Another point worth noting, said Dr. Olson, is that the old stereotype of the bully as an antisocial and unpopular misfit is false. In one study of third- to fifth- graders in two East Coast schools, she and her colleagues found that, while the students described by their peers and teachers as friendly, outgoing and self-confident were the most popular, the boys known to be bullies were the second-most popular group, way beyond the perceived wimps, eggheads and teacher's pets.

"There are a fair amount of kids in a classroom who think that bullies are cool," said Dr. Rodkin, "especially when they're attractive and athletic."

ADDING to the challenge of curbing bullies is the fact that, as researchers have learned, many students blame victims of bullying for bringing their troubles on themselves by sulking or whimpering or walking around with their head hanging low. A sizable number of students agree with the premise that bullying can help "toughen" people and teach which behaviors are laudable and which are risible to the group.

In this scenario, then, bullies are neither born nor made, but instead have bulliness thrust upon them. The group needs its whipcracking rulemeister, just as an army boot camp needs its snarling, abusive sergeant if the soft-bellied newcomers are ever to get into fighting trim.

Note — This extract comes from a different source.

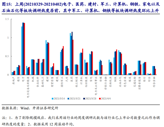 1.5 电子、医药、建材、军工、计算机、钢铁、家电以及石油石化等板块调研热度居前,其中军工、计算机、钢铁等板块调研热度环比上升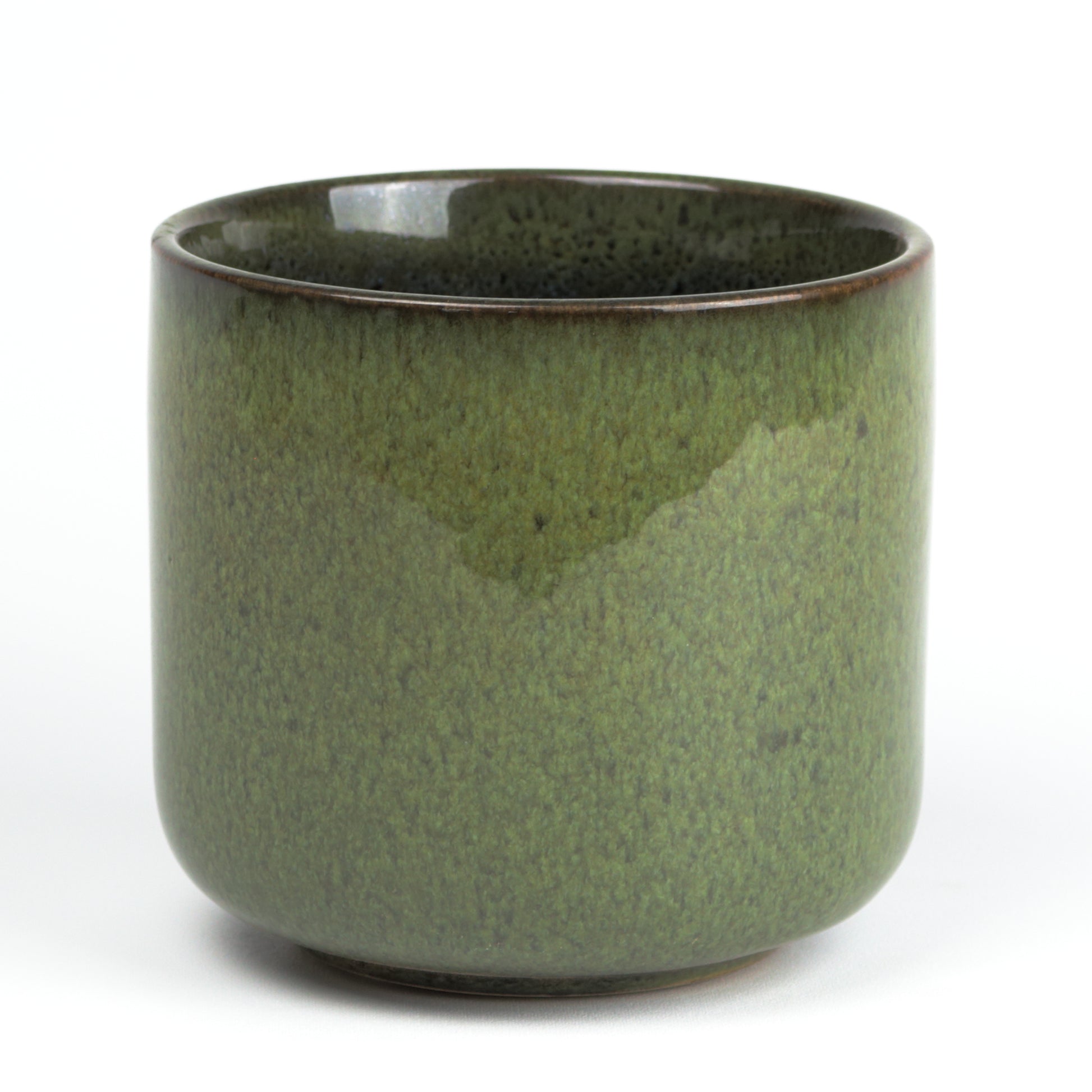 This is a lovely plant pot in a satisfyingly rich forest green glaze, with black and brown speckling throughout. The main body is cylindrical, with a light curve in at the base. The glaze is smooth and bold, making it a standout piece for the home. Sealed, no drainage holes. Handmade, each piece is unique. Available two sizes.

Indeed, it's hard to see how bullying behavior in schools can be eliminated when bullying behavior among adults is not only common but often applauded -- at least if it results in wild success. J. P. Morgan, for example, was thought by many of his colleagues and subordinates to be, in the words of Robert M. LaFollette, the Wisconsin progressive, "a beefy, red-faced thick- necked financial bully, drunk with wealth and power." Yet he was also lionized in his day, described by officials at Harvard University as a "prince among merchants," a man of "skill, wisdom and courage." Hey, he was the richest guy in the world, wasn't he?

It's perhaps a bit of delicious paradox that, at a time when the nation is seized with concern over school bullying, the international community views with alarm the recent moves by the United States to scuttle the Kyoto global warming treaty and to promote the construction of a space-based nuclear missile shield. To the rest of the world, it seems, America is the biggest bully of them all.